What is being asked: Print out each entry without alteration, and keep the pictures out.

Collection entries:
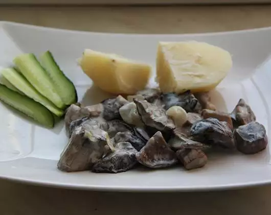 Грибы почистить, промыть холодной водой и нарезать небольшими кусочками, положить в кастрюлю с холодной водой, посолить и довести до кипения вместе с одной целой очищенной луковицей. Проварить грибы 5 минут. Если луковица изменит цвет на синий или красный, то считается, что такие грибы могут быть небезопасными, лучше от них отказаться. Затем воду слить и обсушить грибы в дуршлаге. На сковороде разогреть масло и добавить мелко нарезанный лук, обжарить его до прозрачности, добавить грибы и тушить около 30 минут на слабом огне под крышкой. Затем добавить сметану, посолить и тушить еще 5 минут.
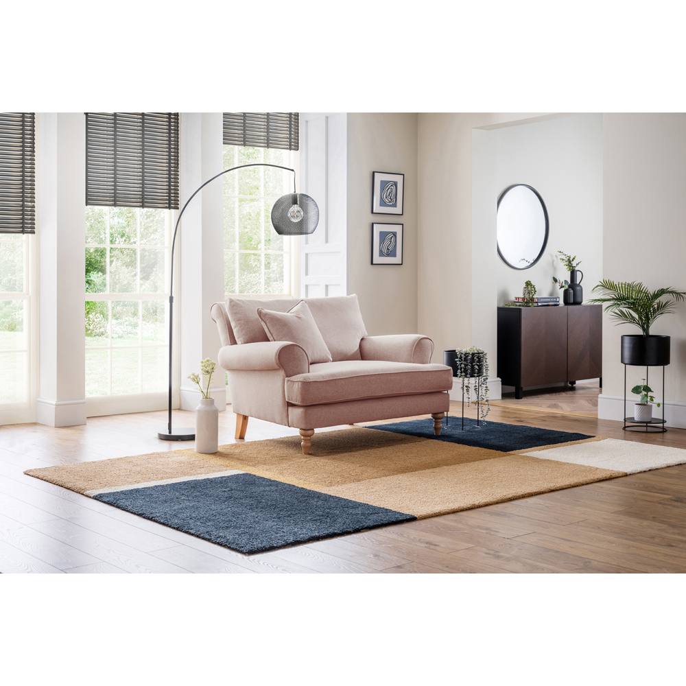 This Eastwood Faro Soft Pink Snuggle Chair offers a contemporary take on a timeless classic. Featuring a deep scroll back, elegantly tapered arms, and turned wooden legs, it beautifully balances traditional charm with modern sophistication. Upholstered in a stylish slub weave fabric, this sofa makes a stunning statement. Designed for comfort, it boasts a deeper, low-slung seat perfect for lounging and comes complete with coordinating scatter cushions.
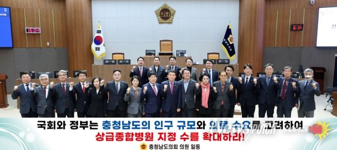 이에 충남도의회는 정부에 ▲충청남도의 상급종합병원 지정수 확대 ▲수도권 중심의 평가·지정 체계 개선 ▲중증·응급·필수의료 대응을 위한 지역 완결형 의료 네트워크 구축 ▲지역 의료인력 양성을 위한 제도적·재정적 지원 마련 등을 촉구했다.
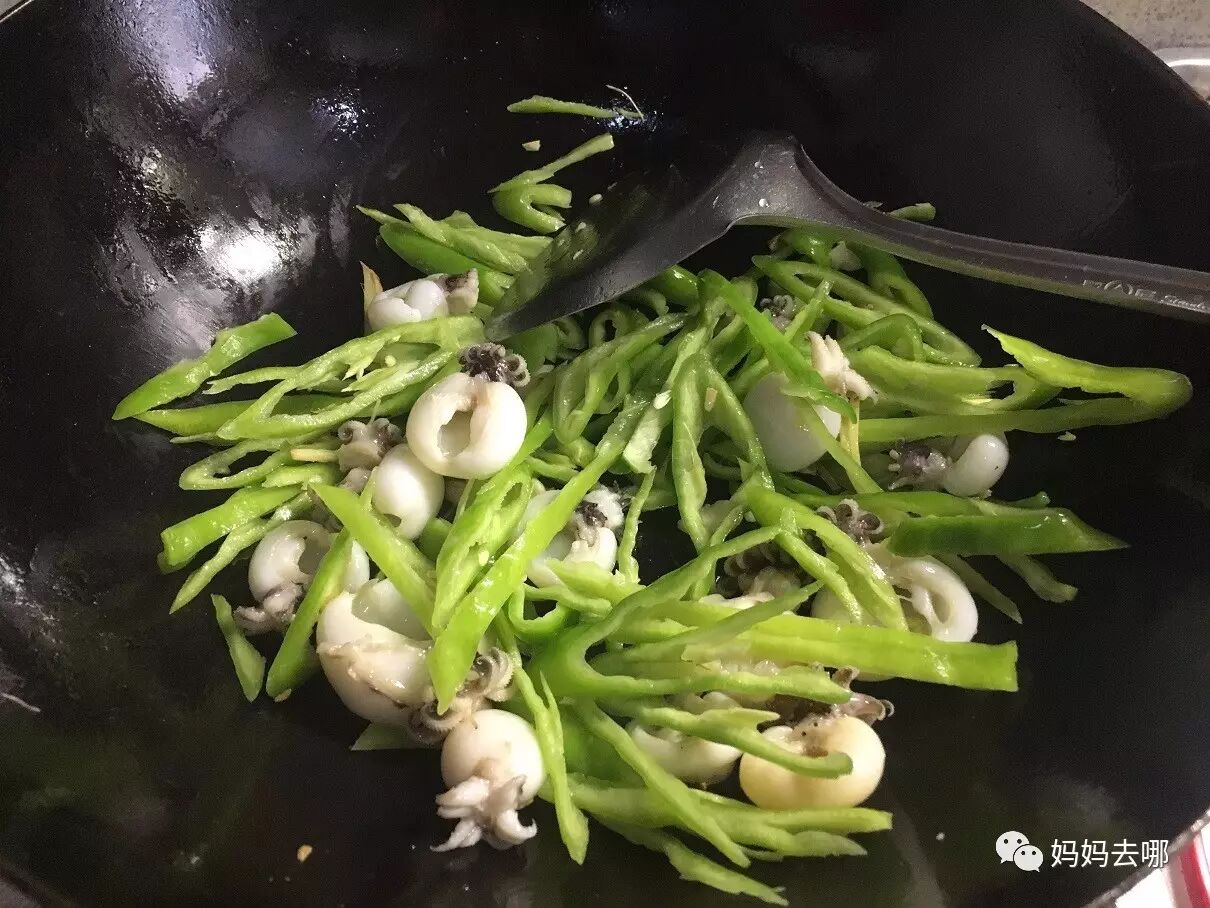炒锅热油,4成热下姜丝和蒜末爆香,下墨鱼仔和尖椒丝,炒匀。
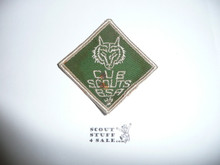 A green patch with a wolf emblem in the center is attached to a white fabric. Below the wolf, the text 'CLUB SCOUTS 1985' is embroidered in white. To the right of the patch, there is a small white logo with the text 'SCOUT'S STUFF 4 SALE' and the number '4' below it. | Cubmaster Patch (C-CM3), 1967-1969, glued | 03a7527b23544e64a3f72f74b0c7d2b620af473ab60b6335363b02ede7df0c99 | 000910691671 | 0 | 0 | 53 | 5 | 0 | 0 | |
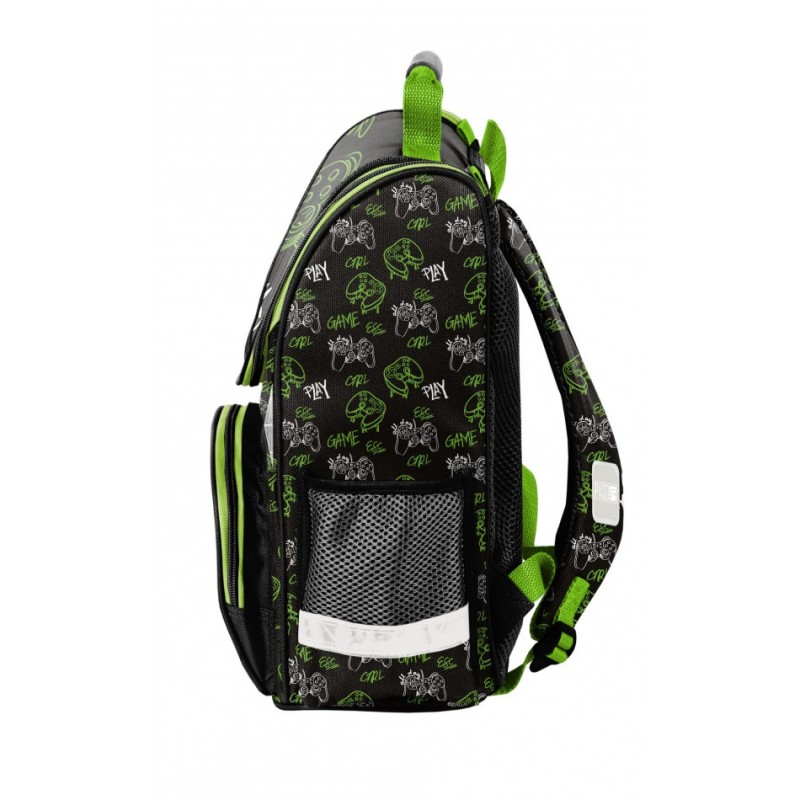 Kuprinė pradinukams PASO Game. Puikiai tiks kaip pirma vaiko kuprinė einant į mokyklą. Kuprinė turi vieną talpų pagrindinį skyrių užsegamą dvikrypčiu užtrauktuku. Dekoratyviniai užtrauktuko laikikliai ne tik suteikia išskirtinumo, bet ir palengvina atsegimą. Viduje yra pertvaros, padėsiančios tvarkingai organizuoti daiktus. Priekinėje dalyje yra praktiška kišenė su užtrauktuku. Šonuose – dvi papildomos kišenės: viena iš tinklinės medžiagos, tinkama gertuvei ar buteliukui, kita – užsegama užtrauktuku. Ergonomiškai formuota, standi nugaros dalis efektyviai sumažina krūvį vaiko stuburui. Minkštos, reguliuojamos ir ergonomiškai išformuotos petnešos padeda palaikyti taisyklingą laikyseną. Kuprinės apačia yra sutvirtinta, o atšvaitiniai elementai užtikrina didesnį saugumą kelyje. Matmenys: 36x28x15 cm. Kuprinės svoris: 900 g.
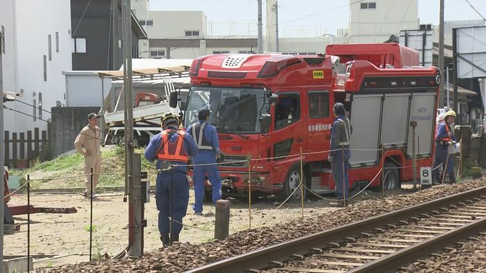 武豊町の線路沿いに止まった消防車の脇で、警察官に取り押さえられた男。
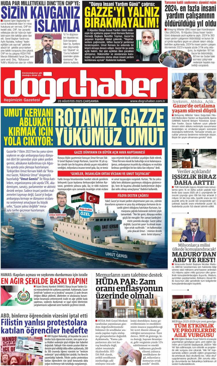 20 Ağustos Çarşamba 2025 Gazete Manşetleri
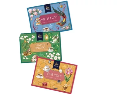 fekete és zöld teákat tartalmaz, elegáns, képeslap ihlette csomagolásban.
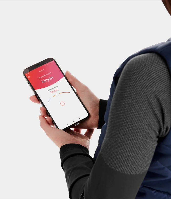 The vest can be activated and adjusted by pressing the control button on the right bottom side of the vest. The temperature can also be adjusted more accurately using the "iwarm3" app.

Reply to the task:
 Грибы почистить, промыть холодной водой и нарезать небольшими кусочками, положить в кастрюлю с холодной водой, посолить и довести до кипения вместе с одной целой очищенной луковицей. Проварить грибы 5 минут. Если луковица изменит цвет на синий или красный, то считается, что такие грибы могут быть небезопасными, лучше от них отказаться. Затем воду слить и обсушить грибы в дуршлаге. На сковороде разогреть масло и добавить мелко нарезанный лук, обжарить его до прозрачности, добавить грибы и тушить около 30 минут на слабом огне под крышкой. Затем добавить сметану, посолить и тушить еще 5 минут.
 This Eastwood Faro Soft Pink Snuggle Chair offers a contemporary take on a timeless classic. Featuring a deep scroll back, elegantly tapered arms, and turned wooden legs, it beautifully balances traditional charm with modern sophistication. Upholstered in a stylish slub weave fabric, this sofa makes a stunning statement. Designed for comfort, it boasts a deeper, low-slung seat perfect for lounging and comes complete with coordinating scatter cushions.
 이에 충남도의회는 정부에 ▲충청남도의 상급종합병원 지정수 확대 ▲수도권 중심의 평가·지정 체계 개선 ▲중증·응급·필수의료 대응을 위한 지역 완결형 의료 네트워크 구축 ▲지역 의료인력 양성을 위한 제도적·재정적 지원 마련 등을 촉구했다.
炒锅热油,4成热下姜丝和蒜末爆香,下墨鱼仔和尖椒丝,炒匀。
 A green patch with a wolf emblem in the center is attached to a white fabric. Below the wolf, the text 'CLUB SCOUTS 1985' is embroidered in white. To the right of the patch, there is a small white logo with the text 'SCOUT'S STUFF 4 SALE' and the number '4' below it. | Cubmaster Patch (C-CM3), 1967-1969, glued | 03a7527b23544e64a3f72f74b0c7d2b620af473ab60b6335363b02ede7df0c99 | 000910691671 | 0 | 0 | 53 | 5 | 0 | 0 | |
 Kuprinė pradinukams PASO Game. Puikiai tiks kaip pirma vaiko kuprinė einant į mokyklą. Kuprinė turi vieną talpų pagrindinį skyrių užsegamą dvikrypčiu užtrauktuku. Dekoratyviniai užtrauktuko laikikliai ne tik suteikia išskirtinumo, bet ir palengvina atsegimą. Viduje yra pertvaros, padėsiančios tvarkingai organizuoti daiktus. Priekinėje dalyje yra praktiška kišenė su užtrauktuku. Šonuose – dvi papildomos kišenės: viena iš tinklinės medžiagos, tinkama gertuvei ar buteliukui, kita – užsegama užtrauktuku. Ergonomiškai formuota, standi nugaros dalis efektyviai sumažina krūvį vaiko stuburui. Minkštos, reguliuojamos ir ergonomiškai išformuotos petnešos padeda palaikyti taisyklingą laikyseną. Kuprinės apačia yra sutvirtinta, o atšvaitiniai elementai užtikrina didesnį saugumą kelyje. Matmenys: 36x28x15 cm. Kuprinės svoris: 900 g.
 武豊町の線路沿いに止まった消防車の脇で、警察官に取り押さえられた男。
 20 Ağustos Çarşamba 2025 Gazete Manşetleri
 fekete és zöld teákat tartalmaz, elegáns, képeslap ihlette csomagolásban.
 The vest can be activated and adjusted by pressing the control button on the right bottom side of the vest. The temperature can also be adjusted more accurately using the "iwarm3" app.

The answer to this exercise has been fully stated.